現在、京都に滞在中です。昨夜の五山の送り火は赤い月が大文字の真横に昇る、不思議な風景が闇に浮かびました。何やら悲しい風景でした。今回は陸前高田市の松を送り火にする、しないですったもんだがあり、結局、ほんの微量の放射能が検出されたため、送り火で燃やすことは取り止めとなりました。人間の浅慮に天も悲しんでいるが如しでした。米国やソ連、中国、フランス、英国などが大気圏で核実験をやっている時は、当然、薪も放射能で汚染されていたはずなのですが。過去の放射能汚染も含めて、研究を急ぎ、低線量放射能障害の実態を明らかにしなくてはなりません。こここそ宗教ではなく、科学の出番であると思います。

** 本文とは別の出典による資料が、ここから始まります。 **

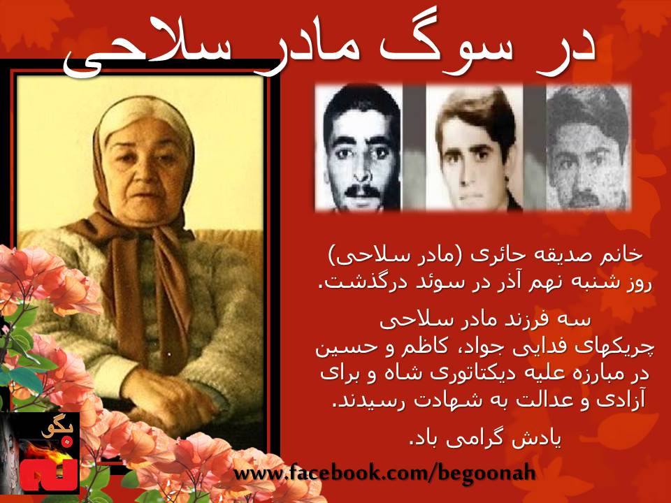 درگذشت مادر سلاحی را از جانب خودم و رفقایم در سازمان چریکهای فدایی خلق ایران به فرزندان و فامیل مادر سلاحی، به خانواده شهدا و زندانیان سیاسی و به همه آزادیخواهان ایران تسلیت می گویم.
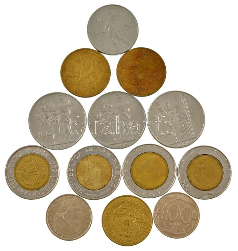 13db-os olasz érmetétel, közte egy San Marinoi érmével T:AU-VF 13pcs of mixed italian coin lot with one coin from San Marino C:AU-VF
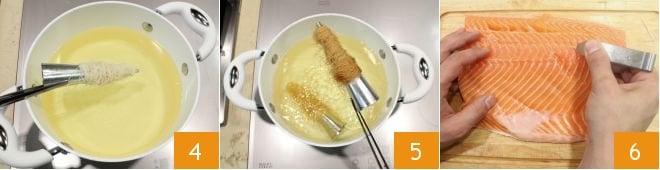 bestreichen Sie den Teig mit dem verquirlten Ei 4. Frittieren Sie in heißem Pflanzenöl bei 170 °C (für eine optimale Zubereitung verwenden Sie ein Lebensmittelthermometer) bis zur goldbraunen Färbung (dies dauert etwa 3 Minuten), dann heben Sie die Croissants mit einer Küchenzange heraus 5 und legen Sie sie zum Abtropfen auf ein mit Küchenpapier ausgelegtes Tablett. Kümmern Sie sich um den Lachs, wenn Sie sicher sind, norwegischen Lachs gekauft zu haben, wären keine weiteren Vorsichtsmaßnahmen nötig. Andernfalls stellen Sie sicher, dass Sie schockgefrosteten Fisch gekauft haben und frieren Sie ihn mindestens 96 Stunden bei -18 Grad ein, bevor Sie ihn im Rezept verwenden: entfernen Sie die Gräten mit einer speziellen Zange 6
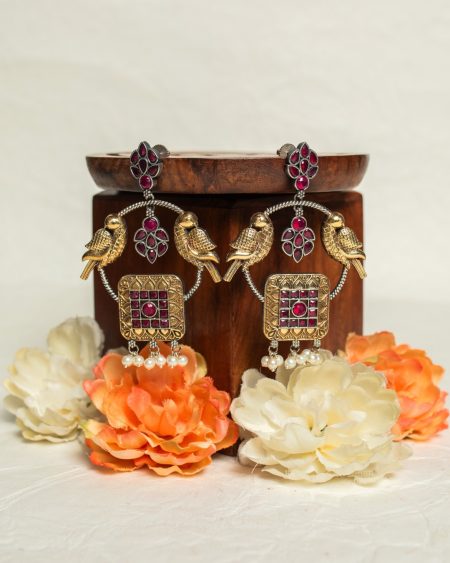 Our Nita chandbali is adorned with two beautiful peacock figurines on either side of a circular ring that forms the main body of this aesthetically rich chandbali. The ring culminates with a golden-hued square centrepiece that is studded with lustrous maroon stones and decorated with intricate patterns, inspired by traditional motifs often seen on the royal palaces of Rajasthan. These traditional Indian chandbalis source inspiration from rich Indian heritage and are a perfect accessory to be paired with Indian attires for a opulent and classy look.
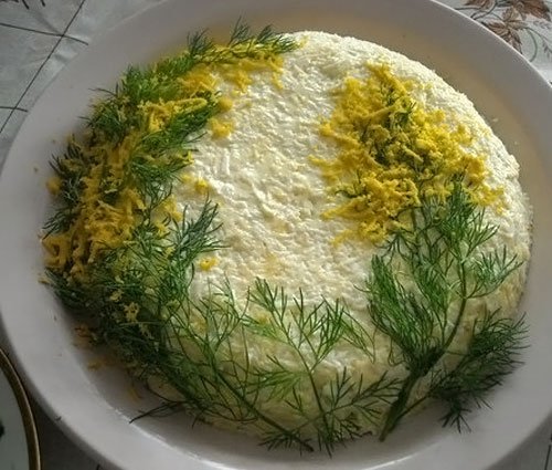 Картофите и морковите се сваряват в подсолена вода. След като са сварени, картофите се обелват, а морковите се остъргват с нож. Лукът се нарязва много ситно и се задушава в малко масло и олио докато омекне.н Шунката се нарязва на ситно. Сварените яйца се разполовяват и жълтъците се отделят за украса. Картофите, морковите и белтъците се настъргват, майонезата се смесва със заквасената сметана и пресования чесън, овкусява се с черен пипер и щипка сол. Започва сгобяването на салата. Може да сглобите салатата в стъклена купа, в сервирна чиния  или като ползвате ринг. В основата поставете настърганите картофи, а върху тях 2 с. л. от майонезата. Подредете слоевете – моркови, лук, шунка, белтъци, като върху всеки слой слагате по 2 с. л. майонеза за спойка и овкусявате с щипка прясно смлян черен пипер. Остатъкът от майонезата разпределете най-отгоре и заравнете. Украсете със стръкчета копър и натрошените жълтъци
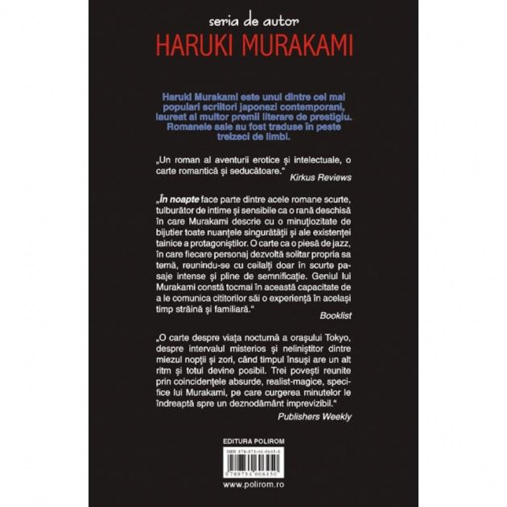 Romanul este un puzzle de personaje cum nu se poate mai diferite: Eri Asai, un fotomodel cufundat intr-un somn care dureaza de luni de zile, sora ei, Mari, o studenta pasionata de lectura, un trombonist de jazz, o tinara prostituata chinezoaica brutalizata salbatic si abandonata intr-unlove hotel, un marunt angajat la o firma de calculatoare. Toti sint oameni ai noptii bintuiti de secrete si dorinte nelamurite, iar legaturile dintre ei se lamuresc incetul cu incetul pe parcursul romanului, construind un univers nocturn plin de farmecul, subtilitatea si umorul caracteristice romanelor lui Murakami.

 究極の個の医療であるiPS細胞の樹立法の特許が米国でも成立しました。遺伝子に限定されるなど、初期化因子の遺伝子と遺伝子産物を認めた欧州よりも権利範囲が狭められるなど、米国の意思を感じる特許査定でしたが、京都大学iPS細胞研究所の山中所長の独創的な研究成果は否定できませんでした。今年1月に特許紛争を回避するため、いわば全面的に負けを認めた米iPierin社が京都大学に委譲したSAKURADA特許と合わせ、京都大学のiPS細胞細胞特許網は充実しつつあります。詳細は下記の記事をご参照願います。SAKURADA特許を巡る報道合戦は我が国のマスメディアの野次馬根性を露出しましたが、結局は独創性こそ知財の真骨頂であることを忘れては単なるノイズに終わってしまいます。このメールでも申し上げましたが、山中特許の利用特許に過ぎないという判断は間違いはなかったと思います。
https://bio.nikkeibp.co.jp/article/oc/2008/0979/
 もうすぐ取材に向かわなくてはなりません。お盆を理由に今回のメールはここまででご容赦願います。
 
 残暑厳しきおりですが、残りの夏をご堪能願います。